Entries taken from a collection
◆ ◆ ◆ ◆

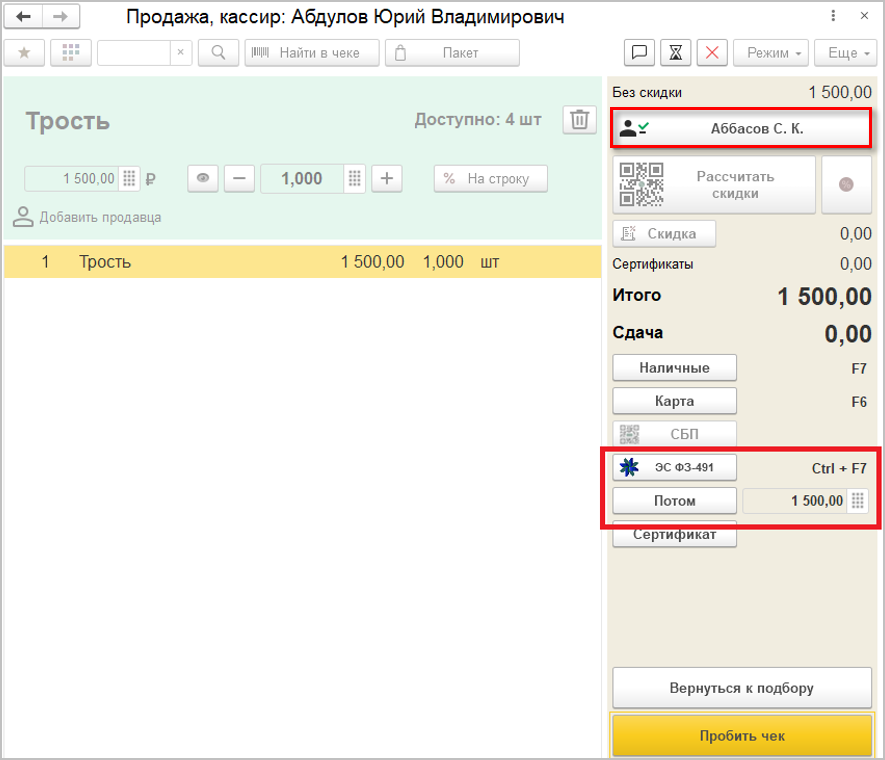 Для кассира с разрешающими правами на ручную скидку или под профилем группы доступа "Старший кассир" доступно использование ручных скидок и наценок.
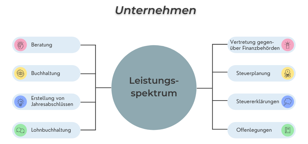 Unser Leistungsspektrum für unsere Firmenkunden ist ihnen vertraut. Es ist wahrscheinlich mehr oder weniger identisch mit der Art von Arbeit, die kleine und mittlere Unternehmen von ihren Steuerberatern zu Hause erhalten.
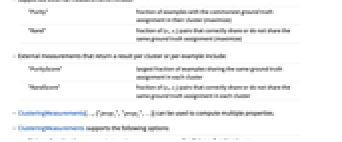 "PurityScore" 每个簇中共享相同真实值分配的样例的最大比例 "RandScore" 每个簇中正确共享或不共享相同的真实值分配的 (ei,ej) 数据对的比例 - ClusteringMeasurements[…,{"prop1","prop2",…}] 可用于计算多个属性.
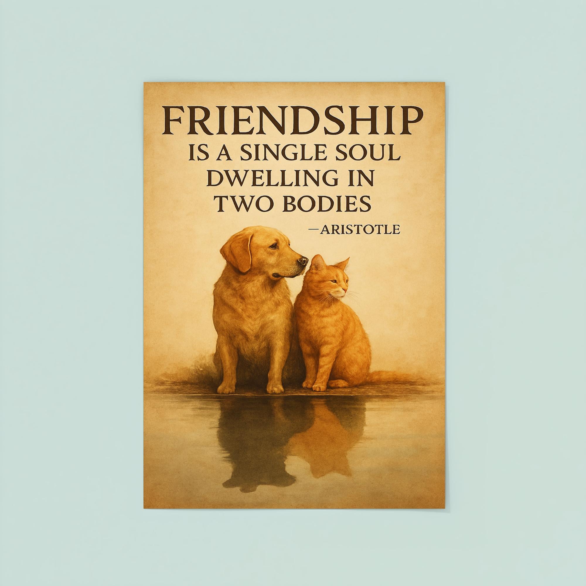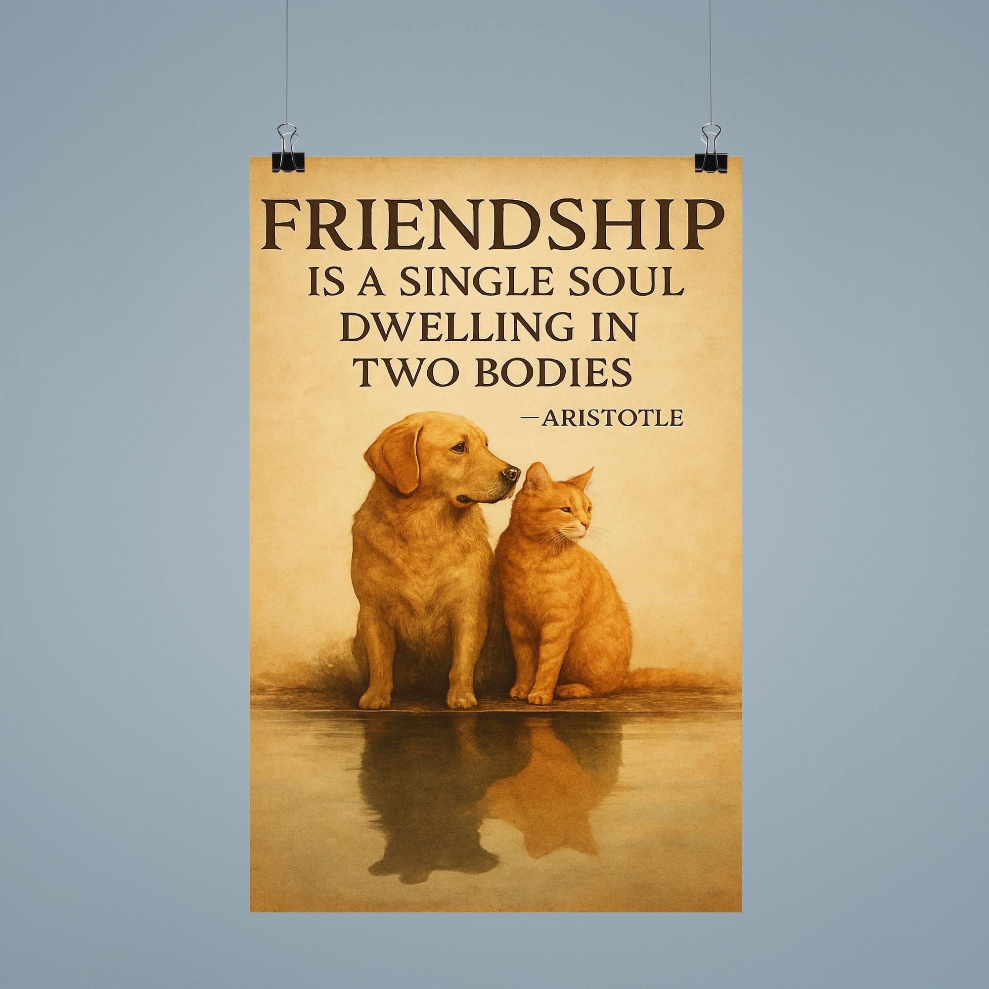 Celebrate the timeless bond of friendship with this striking poster featuring Aristotle’s profound quote: “Friendship is a single soul dwelling in two bodies.” Perfect for any space, it beautifully captures the unity and shared spirit between kindred souls. Let this artwork inspire connection and warmth every day.
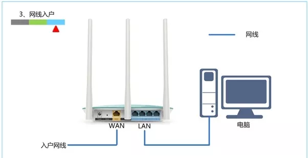 3、网线入户上网:用户需要准备1根网线,先把宽带运营商提供的入户网线插在路由器的WAN接口,再把准备的这根网线,一头连接电脑,另一头连接路由器的LAN接口(1/2/3/4中的任意一个都可以)。
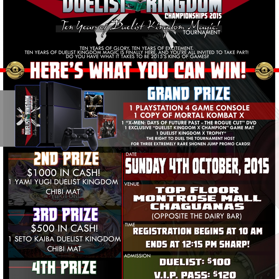 GRAND PRIZE: 1 Playstation 4 Console (includes 1 controller), 1 copy of Mortal Kombat X, 2 DvD movies (1 copy of X:Men - Days of Future Past, and 1 Copy of Avengers: Age of Ultron*), 1 Duelist Kingdom Championships 2015 Game Mat and your name engraved on the Duelist Kingdom Challenge Trophy, with your own replica copy to take home at a later date!
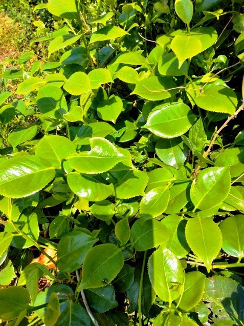 5月のツバキの葉は若々しく、光り輝いています
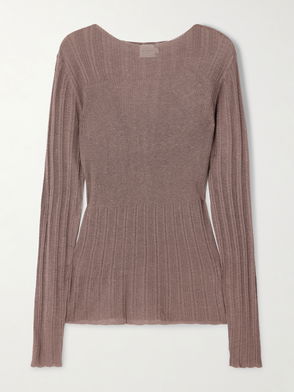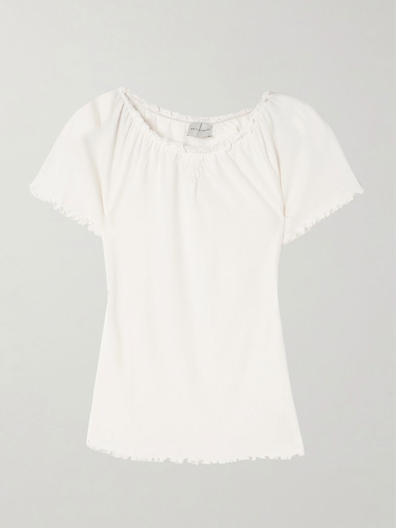 Flounce Shirred Cotton And Wool-blend Top
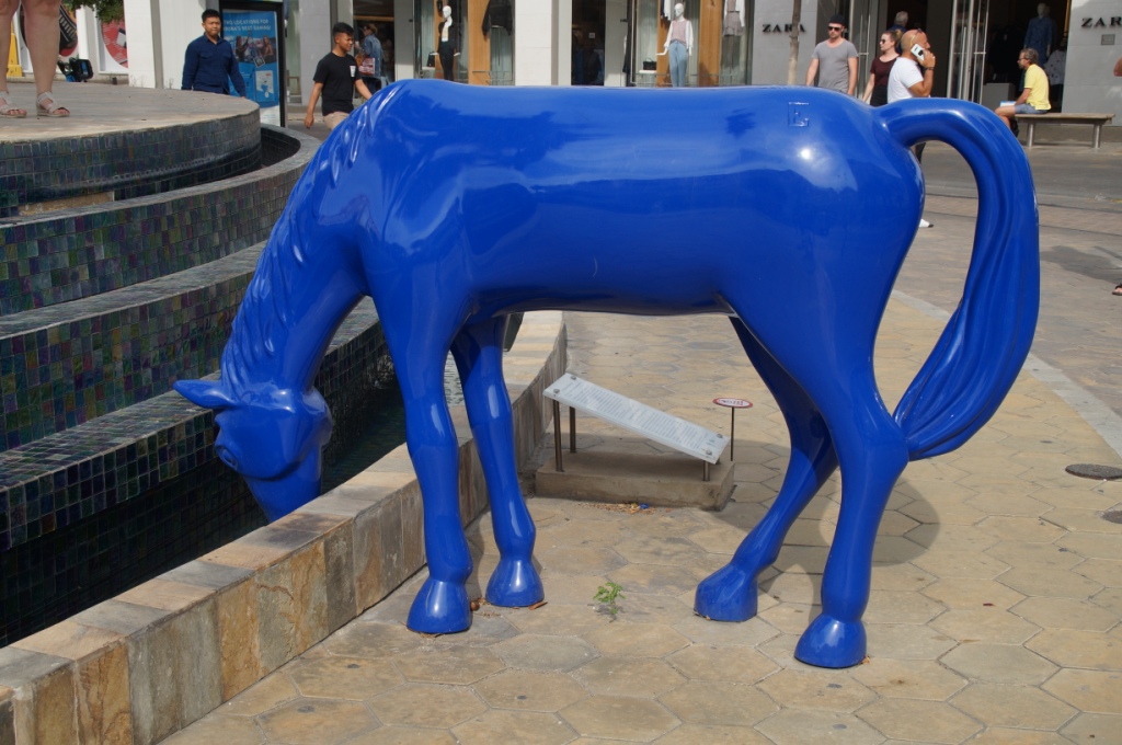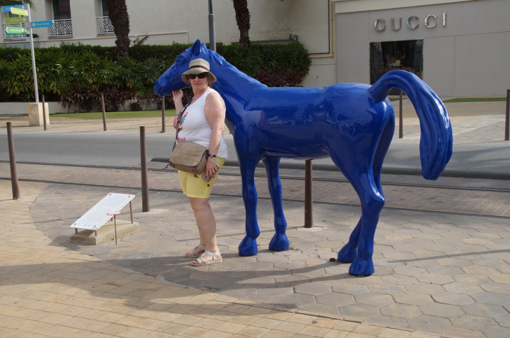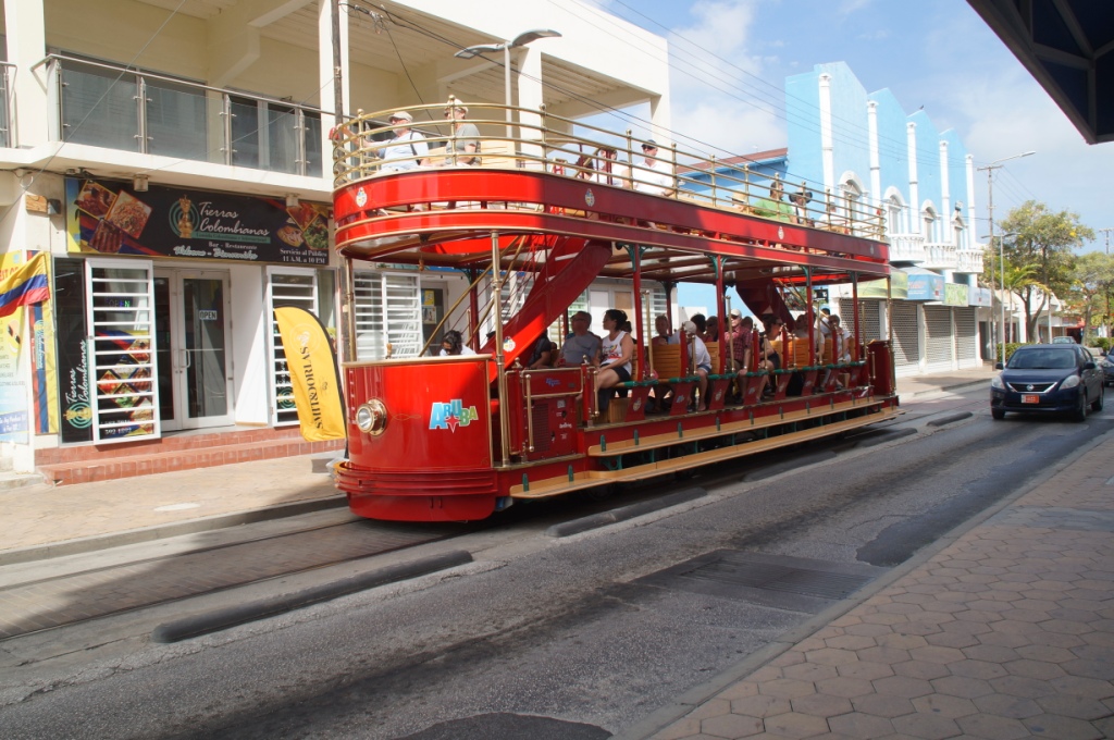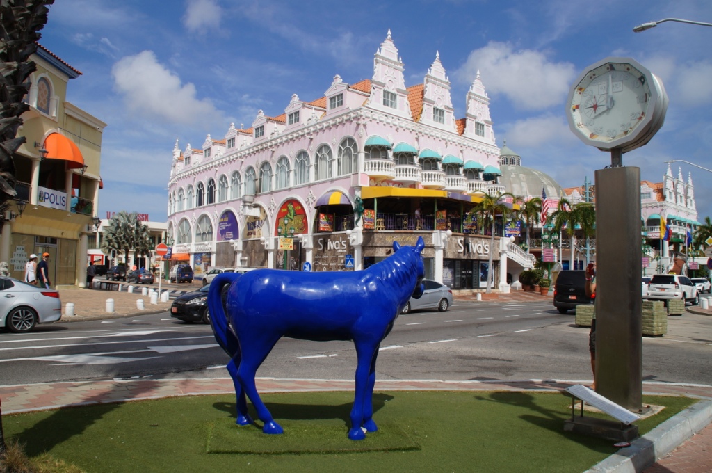Wir laufen dem Hafen entlang und fahren dann ein Stück mit der Oltimertram, die kostenlos ist. Irgendwo steigen wir aus und laufen gemütlich den Weg zurück. Überall in Oranjestad begegen uns die blauen Pferde.
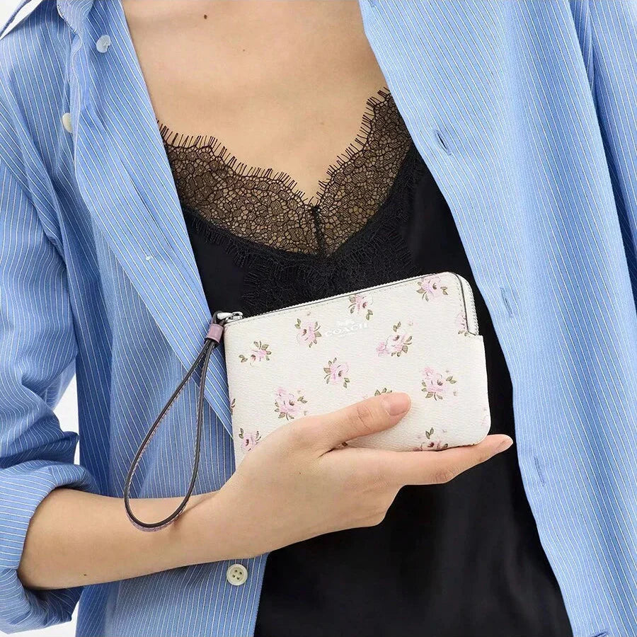 The Coach Corner Zip Wallet Wristlet Bag combines sophisticated design with practical functionality. Crafted from premium materials, it features a secure zip closure and a convenient wrist strap, allowing for easy carrying. Its organized interior compartments keep essentials like cards, cash, and keys neatly accessible, making it an ideal accessory for streamlined daily use or stylish travel. This wristlet offers a durable, elegant solution for those who value both style and efficiency.

◆ ◆ ◆ ◆

All the lines above should be reproduced exactly, and none of the pictures.

▸ RESULT FOR THIS EXERCISE
 Для кассира с разрешающими правами на ручную скидку или под профилем группы доступа "Старший кассир" доступно использование ручных скидок и наценок.
 Unser Leistungsspektrum für unsere Firmenkunden ist ihnen vertraut. Es ist wahrscheinlich mehr oder weniger identisch mit der Art von Arbeit, die kleine und mittlere Unternehmen von ihren Steuerberatern zu Hause erhalten.
 "PurityScore" 每个簇中共享相同真实值分配的样例的最大比例 "RandScore" 每个簇中正确共享或不共享相同的真实值分配的 (ei,ej) 数据对的比例 - ClusteringMeasurements[…,{"prop1","prop2",…}] 可用于计算多个属性.
 Celebrate the timeless bond of friendship with this striking poster featuring Aristotle’s profound quote: “Friendship is a single soul dwelling in two bodies.” Perfect for any space, it beautifully captures the unity and shared spirit between kindred souls. Let this artwork inspire connection and warmth every day.
 3、网线入户上网:用户需要准备1根网线,先把宽带运营商提供的入户网线插在路由器的WAN接口,再把准备的这根网线,一头连接电脑,另一头连接路由器的LAN接口(1/2/3/4中的任意一个都可以)。
 GRAND PRIZE: 1 Playstation 4 Console (includes 1 controller), 1 copy of Mortal Kombat X, 2 DvD movies (1 copy of X:Men - Days of Future Past, and 1 Copy of Avengers: Age of Ultron*), 1 Duelist Kingdom Championships 2015 Game Mat and your name engraved on the Duelist Kingdom Challenge Trophy, with your own replica copy to take home at a later date!
 5月のツバキの葉は若々しく、光り輝いています
 Flounce Shirred Cotton And Wool-blend Top
Wir laufen dem Hafen entlang und fahren dann ein Stück mit der Oltimertram, die kostenlos ist. Irgendwo steigen wir aus und laufen gemütlich den Weg zurück. Überall in Oranjestad begegen uns die blauen Pferde.
 The Coach Corner Zip Wallet Wristlet Bag combines sophisticated design with practical functionality. Crafted from premium materials, it features a secure zip closure and a convenient wrist strap, allowing for easy carrying. Its organized interior compartments keep essentials like cards, cash, and keys neatly accessible, making it an ideal accessory for streamlined daily use or stylish travel. This wristlet offers a durable, elegant solution for those who value both style and efficiency.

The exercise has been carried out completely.